Imagine travelling through India by car and being able to listen to the same radio stations all the way through. That is the uniqueness of digital radio, which has just begun to gain a foothold in India. Digital radio signals, beamed from a satellite, can be received anywhere.
Worldspace, the only company that offers digital radio in India for a monthly subscription of Rs 40 or Rs 50, expects a manifold rise in their subscriber base in the near future.
As of now, digital radio is not mobile. You have to be at home, or in the office, or wherever your radio antenna is fixed, to receive signals on your set. You also need a radio set that can receive digital radio signals in addition to normal AM and FM signals.
M G Chandrashekhar, former scientific secretary of the Indian Space Research Organisation, who recently took over as chief executive of the US-based Worldspace in India, says the company plans to go mobile within the year. By then, the company hopes to build a subscriber base of 100,000, and increase the number of its special Indian music channels to 50.
Worldspace has 500,000 subscribers in the US. It has 10,000 subscribers for its Indian pay channels.
The company offers six Indian channels. Three of the channels are in Hindi: Farishta, the golden oldies channel, Gandharva, the classical music channel and Le Jhoom, the new Hindi music channel. Two channels are in Tamil and one in Malayalam. Besides, there are more than a dozen Worldspace channels produced elsewhere that offers English pop, ultra pop, orbit rock and just about every other kind of music you can think of.
Presently music sets capable of receiving digital radio signals are imported from Japan. BPL has began making the sets in India in three models priced at Rs 7000, Rs 8500 and Rs 9000.

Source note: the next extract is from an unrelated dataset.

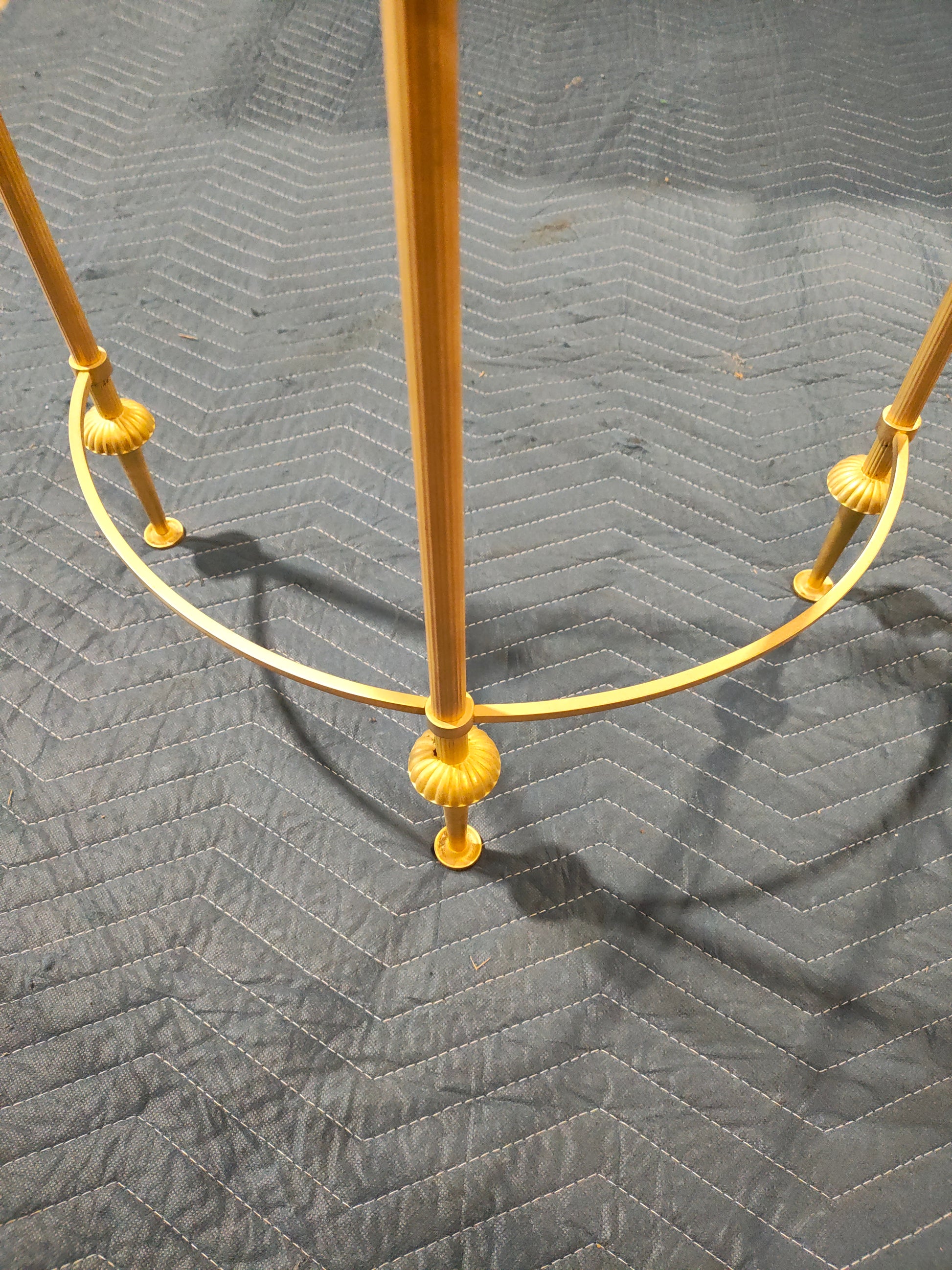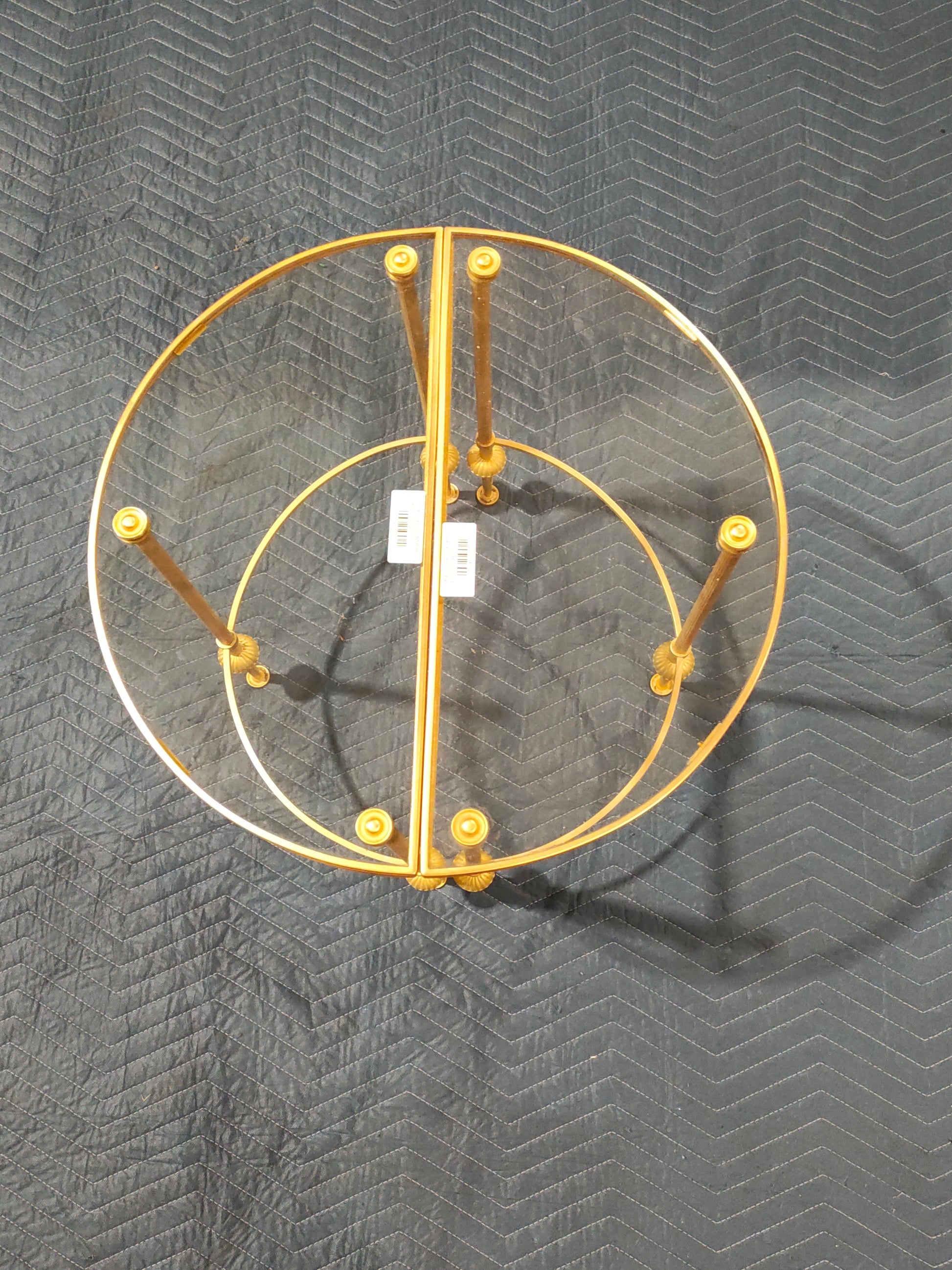 Good vintage condition with light wear consistent with age and use. Gilt brass finish presents well; glass tops are intact.

These sets can also receive regular analog radio in addition to digital radio, and can be used like any other regular portable music system. The antenna costs about Rs 1000 apiece.

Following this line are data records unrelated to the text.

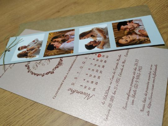Convite 24x12cm, envelope em papel Kraft Rústico 180g, convite em papel Rose Gold Perolado 300g, tira anexada com fotos e acabamento com cordão encerado. Pedido mínimo: 50 unidades. Prazo de produção: até 12 dias úteis a partir da aprovação da arte.
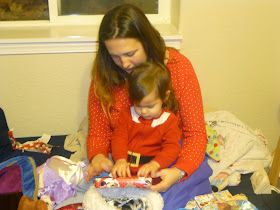 Christmas morning we opened stockings in bed! Favorite tradition! Then came up and opened Mackenzie's presents before family came over. I made apple crisp oatmeal for breakfast with bacon (what is a holiday with out bacon?), we also had "special juice"; which is juice with more that one flavor. My family came over for breakfast and after breakfast we opened more presents. Although Max saw one of her presents before breakfast and loved it!! Her little happy dance is so cute, I must get it on video!! That was her new wagon my parents got her! Mondo and I can't wait to use it!! It also has like ski things to put on to use in the snow. I am going to see if I can track down a canopy for it for summer use! I will post another blog on what our favorite presents were, I don't want to take up to much of your reading time!
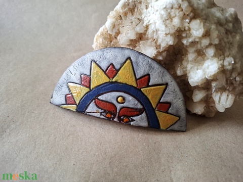 - Anyag/Összetevő fémlap, festőzománc, francia csat fém alap
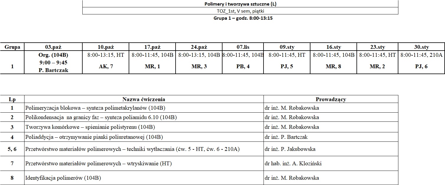 V semestr – Polimery i tworzywa sztuczne
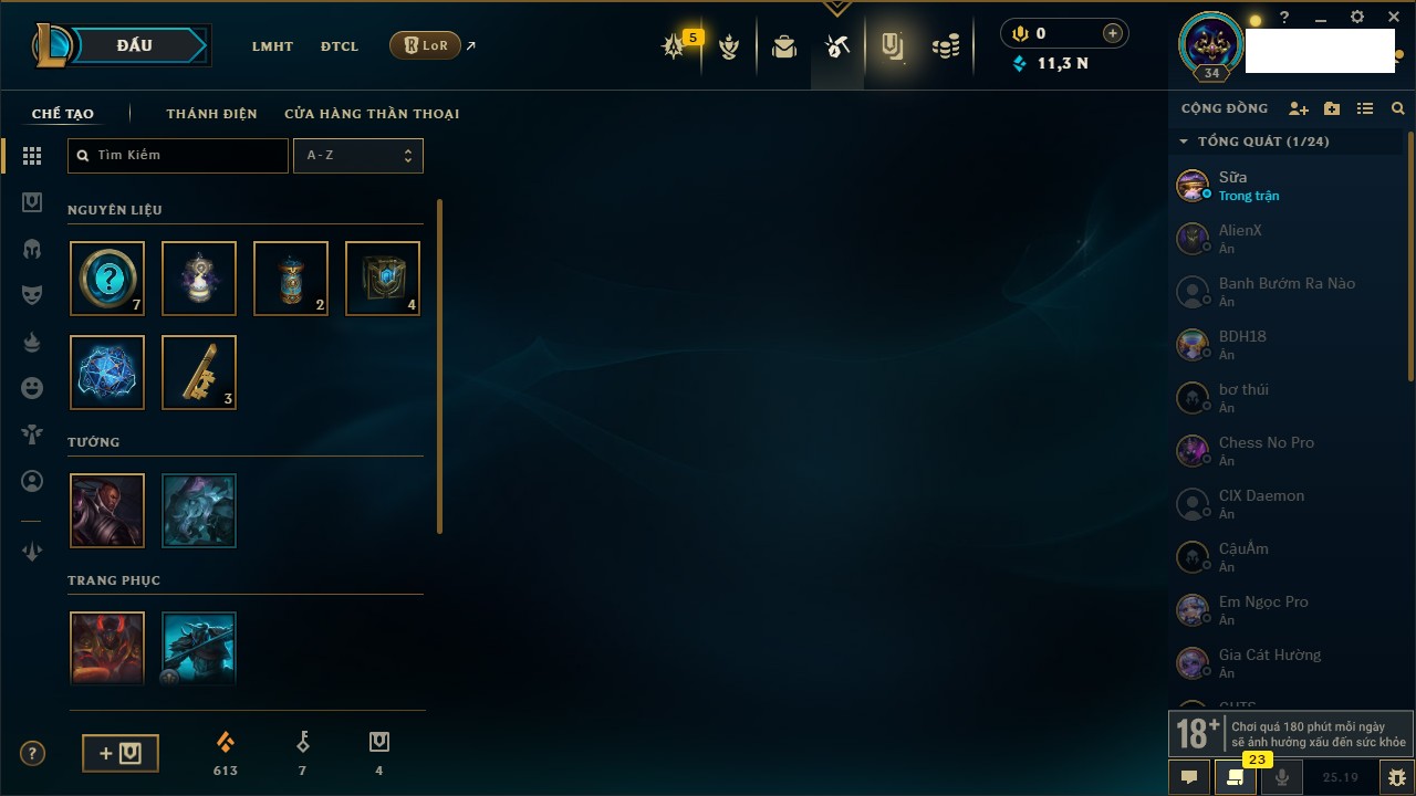 Rank Đơn: Vàng IVKhung: BạcTướng: 166 - Còn 180925 THXTrang Phục: 163Rank ĐTCL: Chưa RankLinh Thú: 67

"We are not making a profit yet," says Chandrashekhar. Besides radio, the company has three other revenue sources - lease charges paid by broadcasters, subscriptions from listeners and fees from closed user groups.
Under the last category, for example, the company has users like the United Nations Development Programme, which is broadcasting information on AIDS to a network of 400 community radio centres in Nepal.
Worldspace has more than 250,000 subscribers worldwide. The corporation owns two satellites - Afristar and Asiastar - which beam to Africa and Asia. India receives signals from both satellites.
Worldspace has retail and distribution systems in New Delhi, Bangalore and Chennai. "The cost of space and satellite technology is so prohibitive that very little money is left over for high-powered marketing," says Chandrashekhar.